Naresh Gupta, Co-Founder of Bang in the Middle, has over 35 years of experience across India, the Subcontinent, and Asia Pacific. He has shaped strategies for categories ranging from liquor and tea to technology, apparel, and automobiles, winning awards like the Euro Effie for Incredible India and the Asian Effie for Samsung. Today, he leads strategic planning at Bang in the Middle while also writing columns for leading publications—an archeologist at heart who now digs differently.
We started with no business in hand, and the culture could not be defined in specific terms. As we started to acquire business, we started to define who we are and what values we stand for. We are driven by independence, integrity and trust in each other. We make every person in the team wanted and valued.
When we started, we wanted to break away from the shackles of networks that gave us no freedom and were extremely regimented. We felt that what works for network agencies may not work for the new emerging India that is now seeing a whole new bunch of brands coming in.

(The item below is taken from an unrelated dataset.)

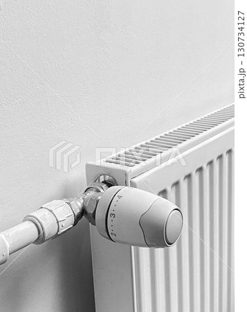 A radiator with a thermostat on it
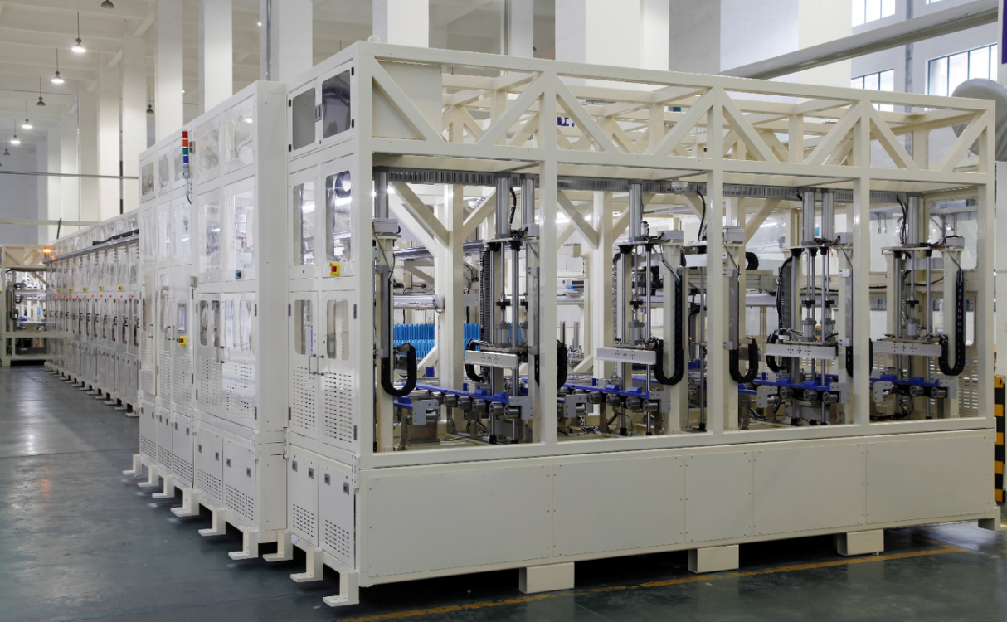 软包动力电池化成分容一体机主要用于软包装锂离子电池的热压化成及分容过程。在加热加压状态下进行电池化成,压力采用可调的控制,优化化成效果,缩减电池制作周期;化成结束后,机械手直接搬运电池到分容治具,分容治具采用恒温控制,温度一致性达到±2 ℃,解决了电池在分容过程中散热不均的问题。分容采用加压、恒温充放电模式,提高分容的效率,减少电池搬运次数,提高电池生产的合格率,提升电池品质。

In every category or brand I have worked in, the idea has always been to be relatable to the consumers. Though in this, political consulting work has been the toughest, with data becoming the source of everyday work. Even then, in 2003, we had an idea where we asked the voters to write what they wanted from a political party, and we got a massive number of postcards, which became the basis of the manifesto. You must remember that it was a very different time when WhatsApp was not there, and even SMS was charged. This was a breakthrough in thinking through a political campaign.
The whole short-form content space is fast evolving, and no one has a clue where or what it will evolve into. But what is clear is that brands cannot surrender their tonality to quick-win needs. We do see a lot of brands not following this, which is making memorability extremely difficult. Brands are now witnessing a flat line in responses and an increased cost of response. That is the hurdle that needs creativity as a weapon to overcome.
In most markets, brands do not have to deal with diversity as brands have to deal with in India. But even with some amount of uniformity, the expectations from brands differ from market to market. What consumers desire from food, fashion, mobility, connectivity, and travel are all different, and brands cannot have one singular execution strategy.
I expect agencies to put consumers back at the center of their work. For some time now, brands have made media and platforms central to how they approach markets. There are too many platform and format experts, but this sameness is making brands undistinguished and
undifferentiated. Agencies will need to break out of this and create persuasion strategies that are platform-agnostic.